Copy all the lines of the listing below exactly. Skip the images.

**DATA:**
══════════
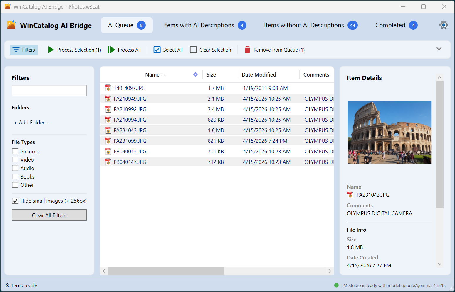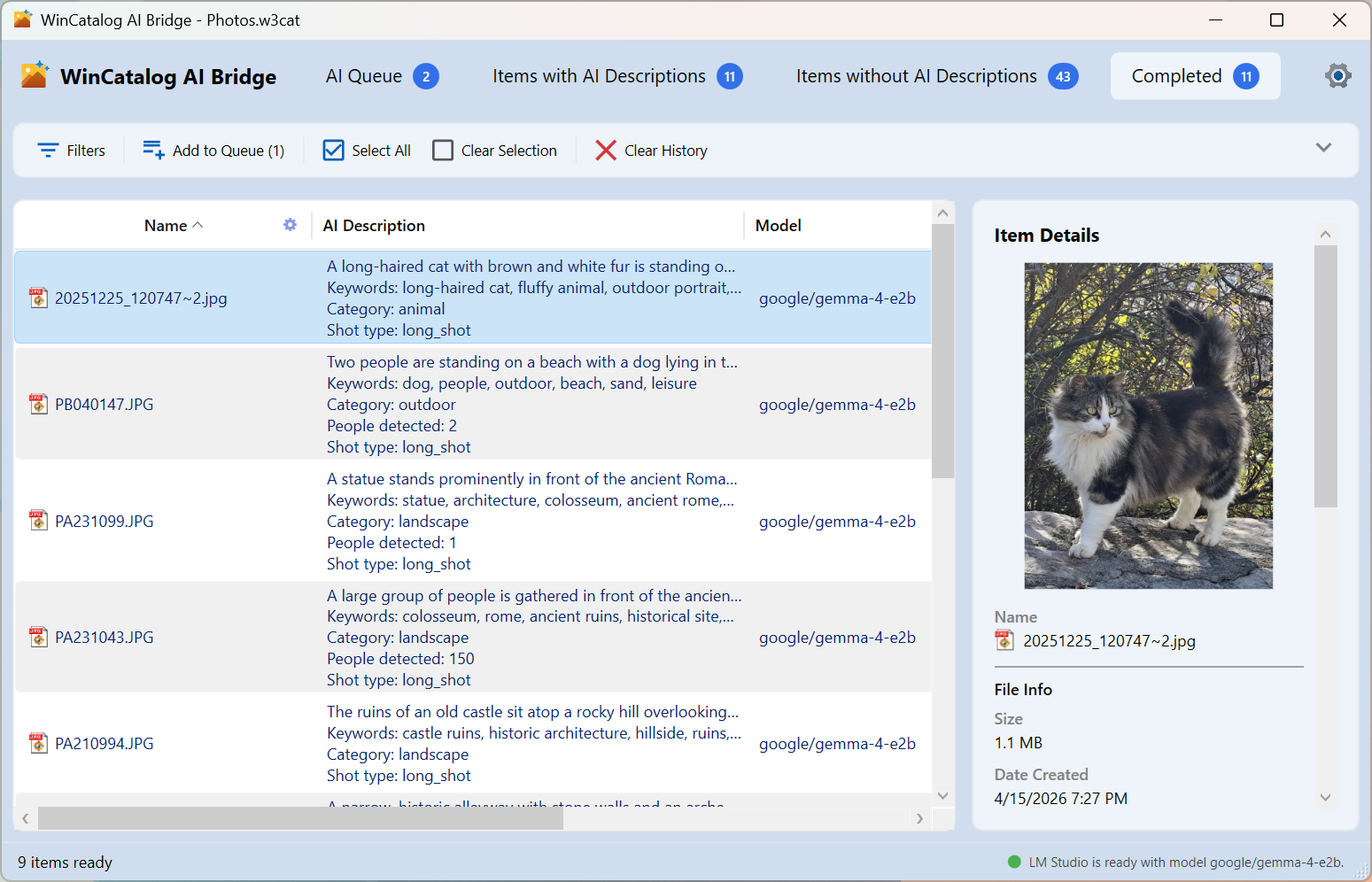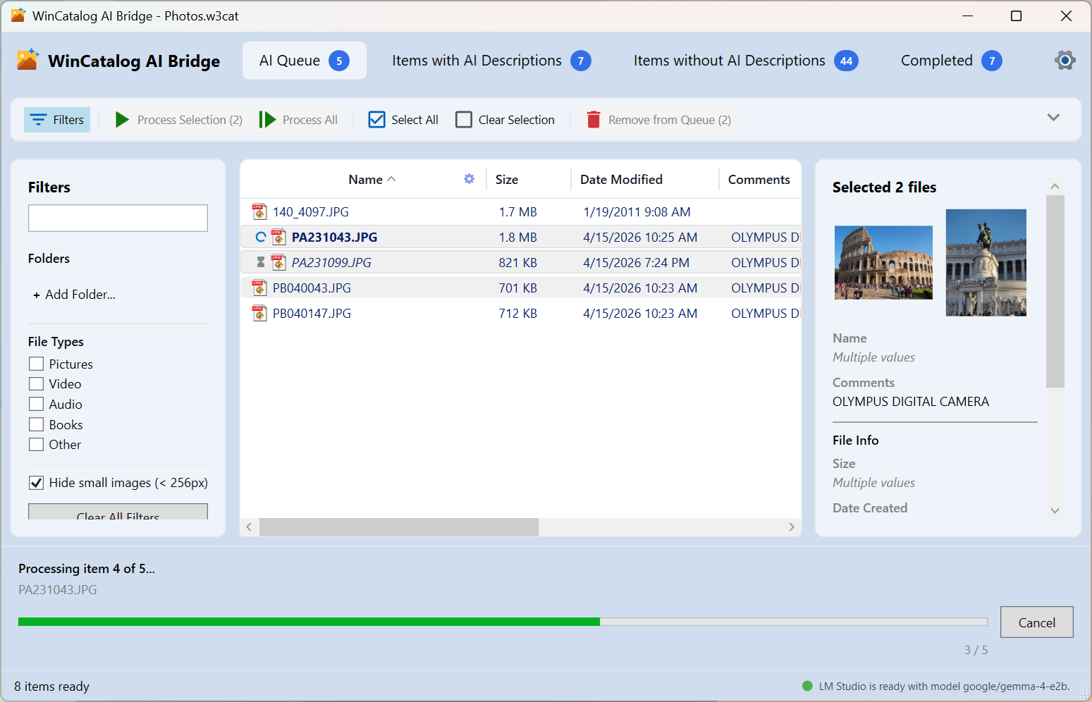 For large collections, processing can take a significant amount of time depending on your hardware and the AI model used. On an average laptop with GPU processing takes 2-5 seconds per image. You can cancel at any time and resume later — items that were not yet processed remain in the queue.
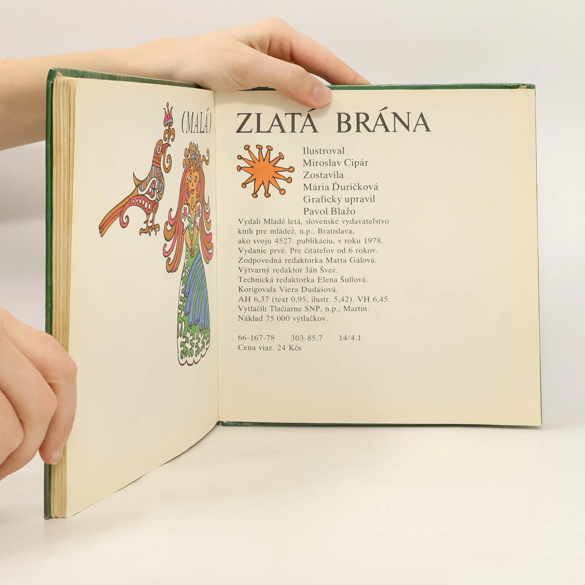 Zlatou bránou - touto jedinečnou antológiou pokladov ľudovej slovesnosti vchádzajú deti do zlatej brány materinskej reči. Zozbierala ju a po celý život brúsila a cizelovala spisovateľka Mária Ďuríčková. Sú tu ľudové rozprávky, pesničky, povedačky, hádanky a rečňovanky. S rovnakou láskou a majstrovstvom vytvoril bohatý obrázkový pandant Zlatej brány výnimočný umelec, maliar a ilustrátor Miroslav Cipár.
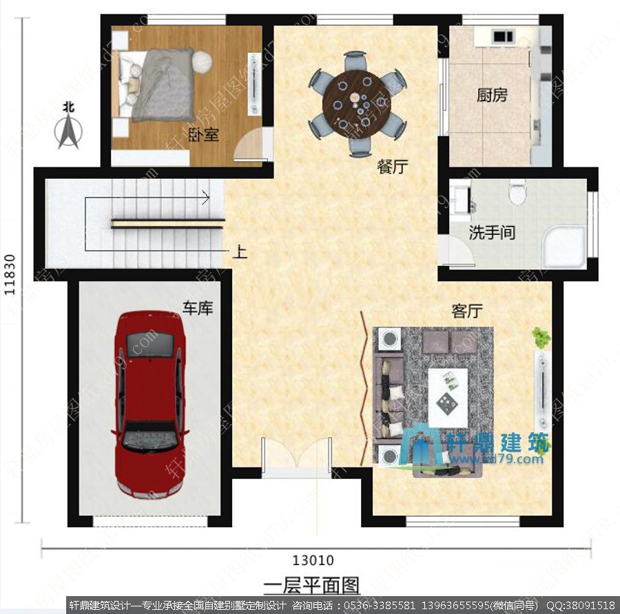 一层:客厅、餐厅、厨房、卧室、卫生间、车库
══════════
**EXERCISE SOLUTION:**
 For large collections, processing can take a significant amount of time depending on your hardware and the AI model used. On an average laptop with GPU processing takes 2-5 seconds per image. You can cancel at any time and resume later — items that were not yet processed remain in the queue.
 Zlatou bránou - touto jedinečnou antológiou pokladov ľudovej slovesnosti vchádzajú deti do zlatej brány materinskej reči. Zozbierala ju a po celý život brúsila a cizelovala spisovateľka Mária Ďuríčková. Sú tu ľudové rozprávky, pesničky, povedačky, hádanky a rečňovanky. S rovnakou láskou a majstrovstvom vytvoril bohatý obrázkový pandant Zlatej brány výnimočný umelec, maliar a ilustrátor Miroslav Cipár.
 一层:客厅、餐厅、厨房、卧室、卫生间、车库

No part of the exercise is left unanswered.